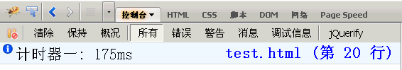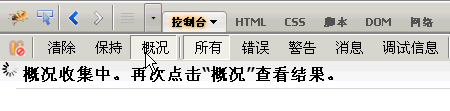除了使用 “console.profile();”方法,firebug还提供了一个"概况"(Profiler)按钮。第一次点击该按钮,"性能分析"开始,你可以对网页进行某种操作(比如ajax操作),然后第二次点击该按钮,"性能分析"结束,该操作引发的所有运算就会进行性能分析。
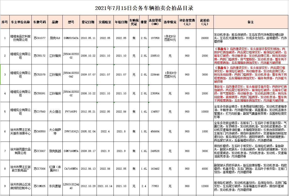 關(guān)注微信公眾號(hào)受委托,我公司定于2021年7月15日10時(shí)在中拍平臺(tái)通過(guò)網(wǎng)絡(luò)競(jìng)拍方式公開(kāi)拍賣(mài)以下公務(wù)車(chē)輛:
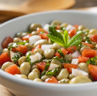 Junge Saubohnen, Salzkartoffeln, geröstete Auberginen, geröstete Zwiebeln, Blätterteig auf dem Grill, Öl, Essig, Salz, frisch gemahlener schwarzer Pfeffer, gemahlener Kreuzkümmel.
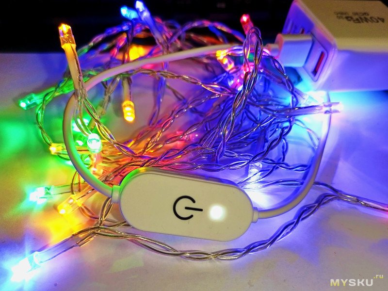 В общем, думал я недолго. У меня в закромах имелась другая LED гирлянда — белого свечения, яркая и мощная, с питанием от USB (+5В) и с управлением от сенсорной кнопки. Причем, диммируемой кнопки! На максимальной яркости эта гирлянда потребляет 1,5А, на минимальной — 100 мА.
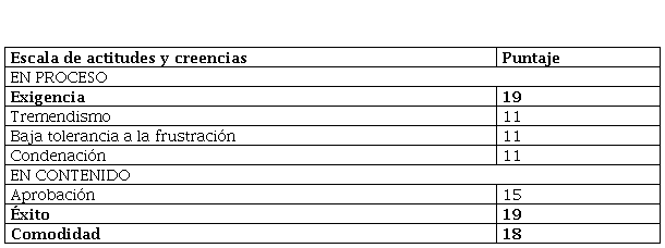En los resultados de la Escala de Actitudes y Creencias (Tabla 4), podemos observar que, a nivel de contenido, las manifestaciones de irracionalidad se basan en la idea “éxito” (19 puntos) y “comodidad” (18 puntos). En cuanto a las inferencias y procesos secundarios, el nivel de proceso con mayor puntaje es el de “exigencia” (19 puntos).
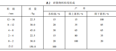 試驗結果處理的基本內容是計算產(chǎn)率。產(chǎn)率分為粒級產(chǎn)率與累積產(chǎn)率,粒級產(chǎn)率是該粒級的質(zhì)量占被篩物料總質(zhì)量的百分率,累積產(chǎn)率又分為篩上累積產(chǎn)率(又叫正累積)及篩下累積產(chǎn)率(又叫負累積)。正累積產(chǎn)率是大于某一篩孔的各粒級產(chǎn)率之和,負累積產(chǎn)率是小于某一篩孔的各粒級產(chǎn)率之和。在計算粒級產(chǎn)率時(shí),“被篩物料總質(zhì)量”可以用各粒級質(zhì)量之和,也可以用原試樣的質(zhì)量,此時(shí)把損失量加入較細級別,認為篩分時(shí)呈灰塵飛揚了?;镜暮Y分試驗記錄及結果處理如表2所示。

========

**What is needed:** Reproduce the lines from the one with "Junge Saubohnen, Salzkartoffeln, geröstete" through the end of the data, keeping both end lines, adding nothing, and dropping any pictures.

**Written answer:**
 Junge Saubohnen, Salzkartoffeln, geröstete Auberginen, geröstete Zwiebeln, Blätterteig auf dem Grill, Öl, Essig, Salz, frisch gemahlener schwarzer Pfeffer, gemahlener Kreuzkümmel.
 В общем, думал я недолго. У меня в закромах имелась другая LED гирлянда — белого свечения, яркая и мощная, с питанием от USB (+5В) и с управлением от сенсорной кнопки. Причем, диммируемой кнопки! На максимальной яркости эта гирлянда потребляет 1,5А, на минимальной — 100 мА.
En los resultados de la Escala de Actitudes y Creencias (Tabla 4), podemos observar que, a nivel de contenido, las manifestaciones de irracionalidad se basan en la idea “éxito” (19 puntos) y “comodidad” (18 puntos). En cuanto a las inferencias y procesos secundarios, el nivel de proceso con mayor puntaje es el de “exigencia” (19 puntos).
 試驗結果處理的基本內容是計算產(chǎn)率。產(chǎn)率分為粒級產(chǎn)率與累積產(chǎn)率,粒級產(chǎn)率是該粒級的質(zhì)量占被篩物料總質(zhì)量的百分率,累積產(chǎn)率又分為篩上累積產(chǎn)率(又叫正累積)及篩下累積產(chǎn)率(又叫負累積)。正累積產(chǎn)率是大于某一篩孔的各粒級產(chǎn)率之和,負累積產(chǎn)率是小于某一篩孔的各粒級產(chǎn)率之和。在計算粒級產(chǎn)率時(shí),“被篩物料總質(zhì)量”可以用各粒級質(zhì)量之和,也可以用原試樣的質(zhì)量,此時(shí)把損失量加入較細級別,認為篩分時(shí)呈灰塵飛揚了?;镜暮Y分試驗記錄及結果處理如表2所示。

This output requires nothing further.